>>15913783
>What kind of experience are the gamers that play games for the stories do want?
Are you having a stroke, anon? Are you okay?
That aside, I suppose that I enjoy a happy medium where gaming narratives go. I don't want the graphics to be too good, because that will become the sole focus and the story will suffer. I also don't want some cutscene-laden drivel that's produced by wannabe hacks who try to imitate Hollywood trash, who actively work against player imagination and agency.
I enjoy things like classic CRPGs and 2D graphics. The graphics are just good enough to give a visual representation that works in tandem with the material, and your imagination fills in the rest of the blanks. Things like Fallout 1&2, FF6, Diablo 2, Hotline Miami, GTA1, etc. I have a pretty overactive imagination, and I like the rudimentary visual cues so that they keep my imagination anchored to what I'm seeing on the screen, or else it'll abstract into something that doesn't represent designer intent in the slightest.

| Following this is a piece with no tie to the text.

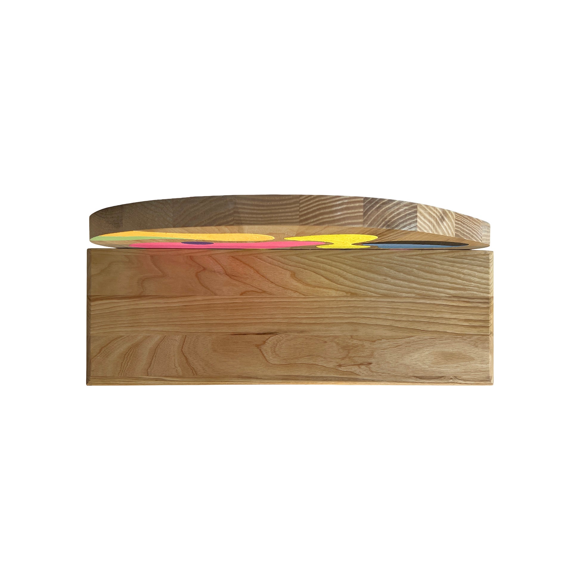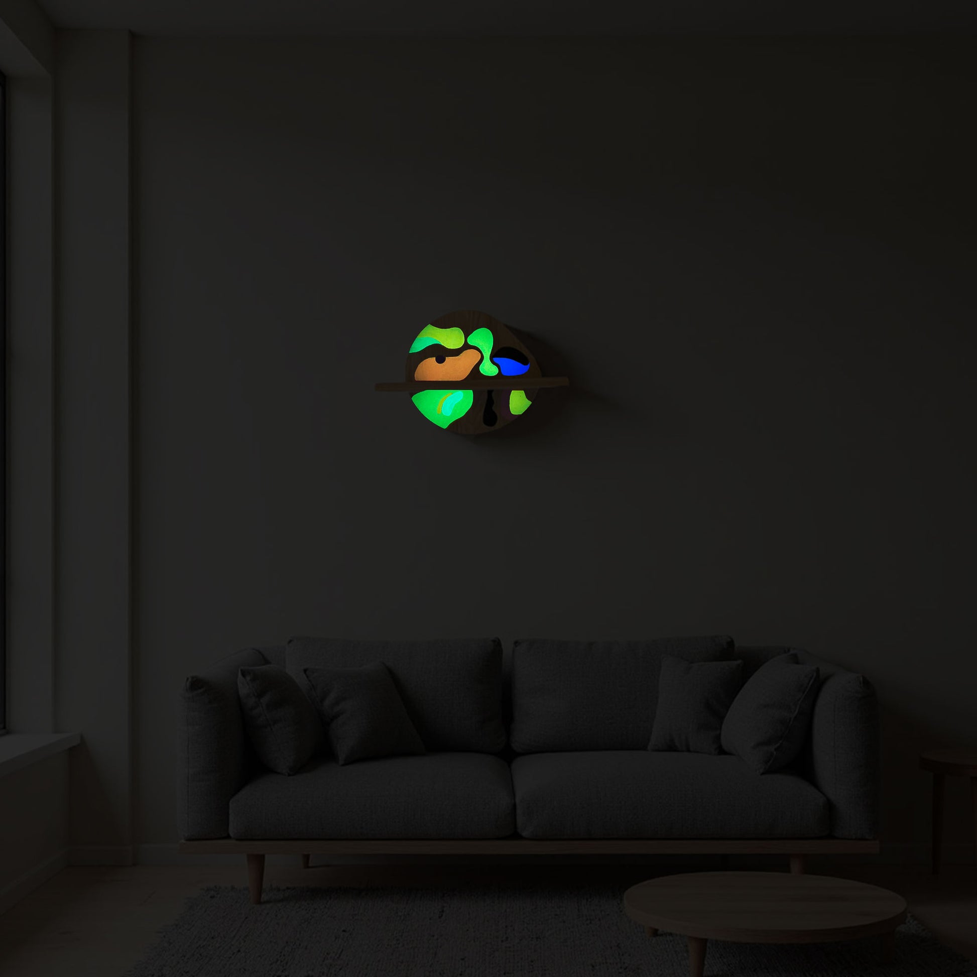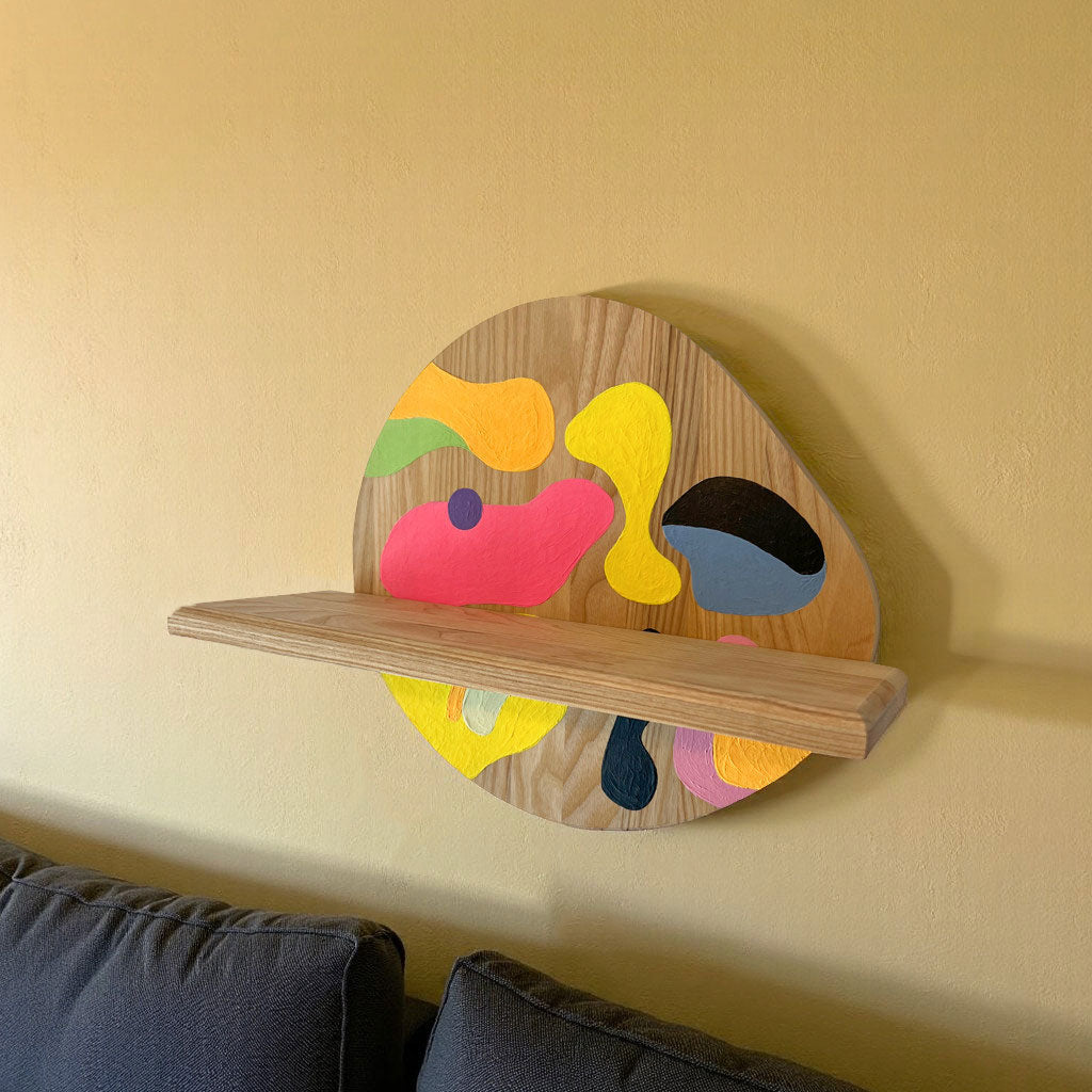 Tai daugiau nei lentyna - tai rankomis tapytas meno objektas, sukurtas ant natūralaus uosio pagrindo. Ryškios, organiškos spalvos įneša energijos, suteikdamas interjerui gyvybės.

Which is why I don't really enjoy text games very much. Not because of the lack of imagination, but I like to keep my imaginative expectations tempered from the get-go. Nothing worse than clinging to an imaginative buildup that you've had in your head for 20+ years, just for the writer to later elaborate and display that their vision greatly contrasts with your own, which invalidates an unfettered belief that's been uncontested, and eventually shattered due to being wrong.